Shiva Krishna Bavandla
Shiva Krishna Bavandla

Reputation: 26648

Writing to separate columns instead of comma seperated for csv files in scrapy

I am working with scrapy and writing the data fetched from web pages in to CSV files

My pipeline code:

def __init__(self):
    self.file_name = csv.writer(open('example.csv', 'wb'))
    self.file_name.writerow(['Title', 'Release Date','Director'])

def process_item(self, item, spider):
    self.file_name.writerow([item['Title'].encode('utf-8'),
                                item['Release Date'].encode('utf-8'),
                                item['Director'].encode('utf-8'),
                                ])
    return item 

And my output format in CSV file is:

Title,Release Date,Director
And Now For Something Completely Different,1971,Ian MacNaughton
Monty Python And The Holy Grail,1975,Terry Gilliam and Terry Jones
Monty Python's Life Of Brian,1979,Terry Jones
.....

But is it possible to write title and its values into one column , Release date and its values into the next column,Director and its values into the next column (because CSV is comma separated values) in a CSV file like the format below.

        Title,                                 Release Date,            Director
And Now For Something Completely Different,      1971,              Ian MacNaughton
Monty Python And The Holy Grail,                 1975,     Terry Gilliam and Terry Jones
Monty Python's Life Of Brian,                    1979,              Terry Jones

Any help would be appreciated. Thanks in advance.

Upvotes: 0

Views: 1620

Answers (2)

daedalus
daedalus

Reputation: 10923

Update -- Code re-factored in order to:

  1. use a generator function as suggested by @madjar and
  2. fit more closely to the code snippet provided by the OP.

The Target Output

I am trying an alternative using texttable. It produces an identical output to that in the question. This output may be written to a csv file (the records will need massaging for the appropriate csv dialect, and I cannot find a way to still use the csv.writer and still get the padded spaces in each field.
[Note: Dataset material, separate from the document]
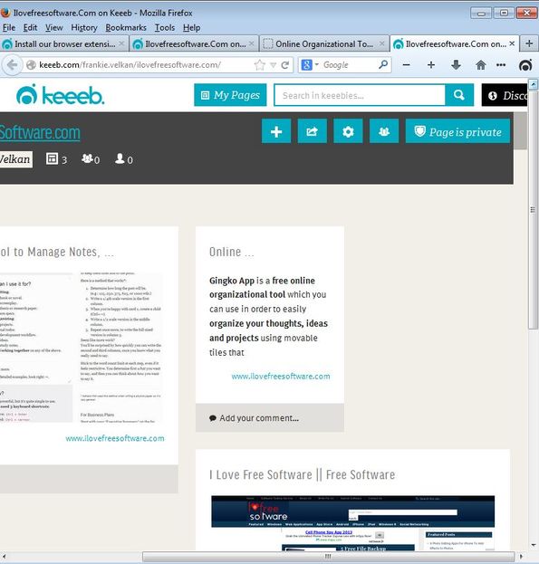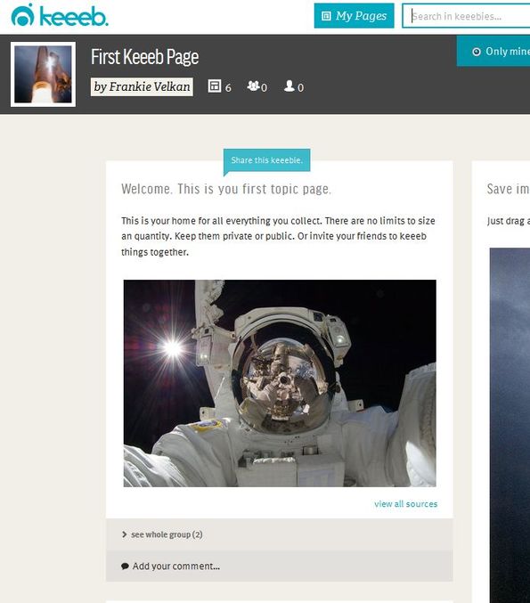 Keeeb is a free online content sharing network where you can create your own multimedia pages filled with images, videos, text and even audio. Once that you create an account, for which you can login using all the popular social networks like Facebook and Twitter, you can create “keeebies” which is what pages are called. They can be either private or public, and you can also access and become a friend with other members of the Keeeb network.

                  Title,                      Release Date,             Director            
And Now For Something Completely Different,       1971,              Ian MacNaughton        
Monty Python And The Holy Grail,                  1975,       Terry Gilliam and Terry Jones 
Monty Python's Life Of Brian,                     1979,                Terry Jones    

The Code

Here is a sketch of the code you would need to produce the result above:

from texttable import Texttable

# ----------------------------------------------------------------
# Imagine data to be generated by Scrapy, for each record:
# a dictionary of three items. The first set ot functions
# generate the data for use in the texttable function

def process_item(item):
    # This massages each record in preparation for writing to csv
    item['Title'] = item['Title'].encode('utf-8') + ','
    item['Release Date'] = item['Release Date'].encode('utf-8') + ','
    item['Director'] = item['Director'].encode('utf-8')
    return item

def initialise_dataset():
    data = [{'Title' : 'Title',
         'Release Date' : 'Release Date',
         'Director' : 'Director'
         }, # first item holds the table header
            {'Title' : 'And Now For Something Completely Different',
         'Release Date' : '1971',
         'Director' : 'Ian MacNaughton'
         },
        {'Title' : 'Monty Python And The Holy Grail',
         'Release Date' : '1975',
         'Director' : 'Terry Gilliam and Terry Jones'
         },
        {'Title' : "Monty Python's Life Of Brian",
         'Release Date' : '1979',
         'Director' : 'Terry Jones'
         }
        ]

    data = [ process_item(item) for item in data ]
    return data

def records(data):
    for item in data:
        yield [item['Title'], item['Release Date'], item['Director'] ]

# this ends the data simulation part
# --------------------------------------------------------

def create_table(data):
    # Create the table
    table = Texttable(max_width=0)
    table.set_deco(Texttable.HEADER)
    table.set_cols_align(["l", "c", "c"])
    table.add_rows( records(data) )

    # split, remove the underlining below the header
    # and pull together again. Many ways of cleaning this...
    tt = table.draw().split('\n')
    del tt[1] # remove the line under the header
    tt = '\n'.join(tt)
    return tt

if __name__ == '__main__':
    data = initialise_dataset()
    table = create_table(data)
    print table

Upvotes: 1

madjar
madjar

Reputation: 12951

TSV (tab separated values) might get you what you want, but it often turns ugly when the lines have very different length.

You can easily write a bit of code to produce such a table. The trick is that you need to have all the rows before outputting in order to compute the width of the columns.